Raúl

Ris, ras, ris, ras, ris, ras..... el ruido de la escoba sobre el enlosado irregular parecía no acabarse nunca, y se iba metiendo en su cabeza cada vez más, aumentando de volumen poco a poco hasta parecer un estruendo ensordecedor que conseguía silenciar todos los demás sonidos del mundo.

La calle era larga, larguísima, una recta burlona e impertinente que se extendía ese día creciendo en metros para echarle en cara que se hubiese pasado casi toda la noche sin dormir...
¡Sólo los pringados trabajan un sábado!, le había espetado ella, riendo maliciosamente, con la cerveza en la mano y todo un mundo de juerga nocturna en la cabeza. Yo no soy un pringado, nena, le había contestado él, y, para demostrarlo, le había seguido toda la noche de bar en bar, pagando todos sus caprichos y riendo todas sus ocurrencias, acercándose cada vez un poco más a su cara para hablar y oliendo cada vez más claro el perfume de su piel como pequeño anticipo del premio que iba estando tan seguro de lograr al final.
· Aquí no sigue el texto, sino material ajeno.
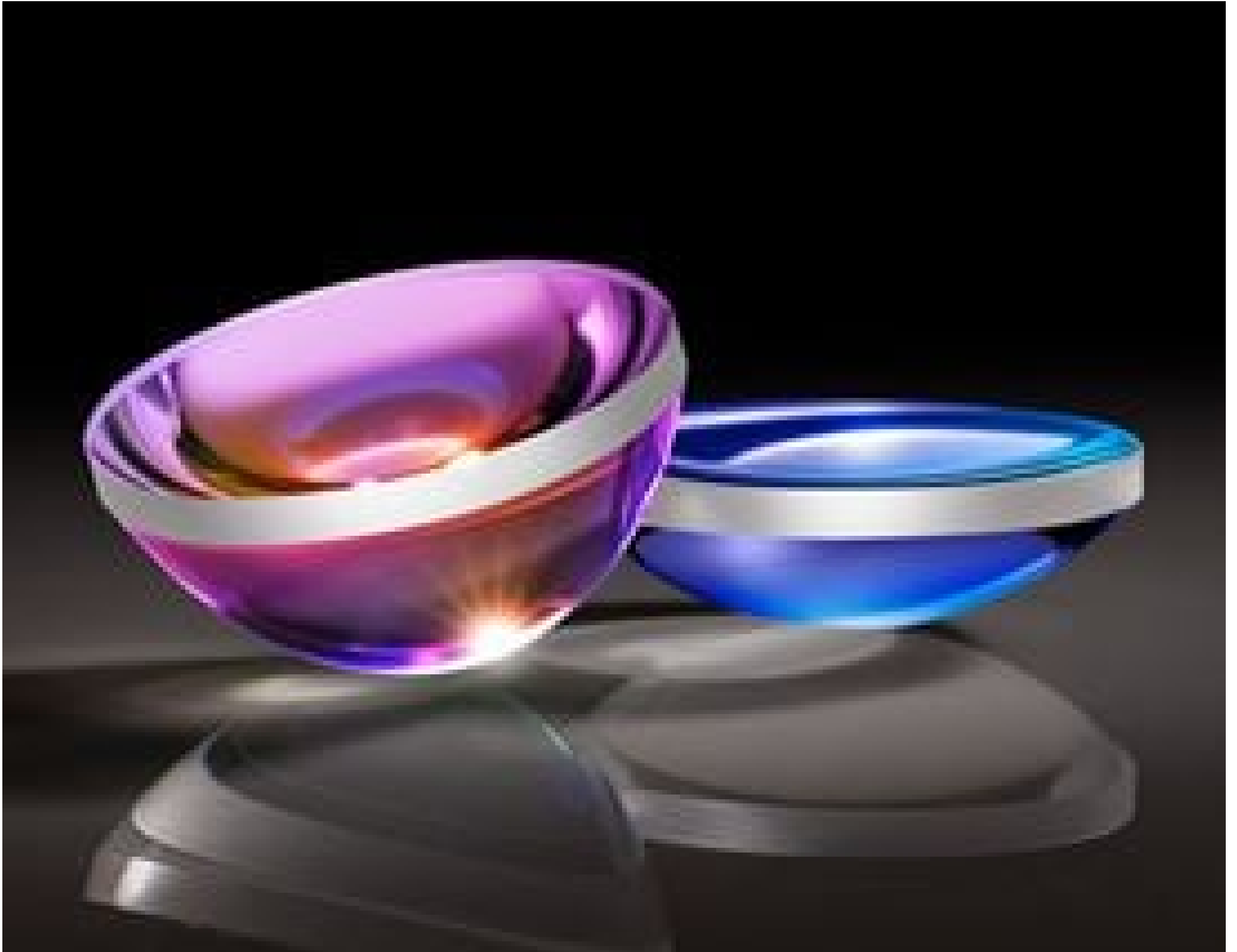
TECHSPEC UV Fused Silica Aspheric Lenses

Solo esto compensaba el terrible paso de las horas (cada vez una menos para dormir, antes de ir al curro), y solo esto venía a su cabeza cuando miraba furtivamente y de reojo su reloj al pedir al camarero una cerveza más para su incansable compañera.

Pero no hubo premio. La noche se hizo eterna, ella sólo se dedicó a hacerle promesas implícitas en cada movimiento, en cada mirada, y al final también en cada palabra, pero, cuando por fin accedió a que él la llevase en su coche al apartamento que compartía con una amiga en un barrio bastante apartado de la ciudad, se dejó vencer obedientemente por el cansancio y llegó a su portal tan plácidamente dormida, que él tuvo que subirla hasta su casa y dejarla acostada en el sofá del salón, mientras resoplaba, maldecía, y pensaba, "efectivamente, preciosa, tenías razón: no soy más que un maldito pringado".

Y ahora estaba allí, con toda la calle por delante, más sucia que nunca por los excesos de la noche anterior, con tan solo media hora de sueño, que al final ni siquiera pudo disfrutar, porque no consiguió llegar a su cama, sino que se quedó dormido sentado en la taza del water, hasta que se despertó perdiendo el equilibrio hacia un lado y golpeándose la cabeza con el frío mármol del lavabo, mientras se repetía a sí mismo machaconamente "pringado, pringado, pringado... eres un maldito pringado".

Ris, ras, ris, ras, ris, ras... Esta calle no se acaba nunca, tengo la cabeza a punto de estallar, me duelen todos y cada uno de los músculos de mi cuerpo, siento cómo las rodillas me tiemblan con cada paso que doy, y esta dichosa escoba hace hoy más ruido que nunca. La gente llena las calles de mierda, y yo estoy harto de tener que limpiarla, si fueran mínimamente civilizados no tendría yo que trabajar un sábado por la mañana, y podría descansar, como todo hijo de vecino, como esa hija de su madre que me hizo perder miserablemente mi sueño y la cartera, maldita sea....

... "no sois más que unos guarros"...

Y no fue del todo consciente de que esa frase, dicha con toda la rabia de su frustración y todo el malestar de su cuerpo, la había acabado pronunciando en voz alta, mientras miraba con los ojos sombríos a una pareja de jóvenes que pasaban, felices y sonrientes, empujando una sillita de bebé.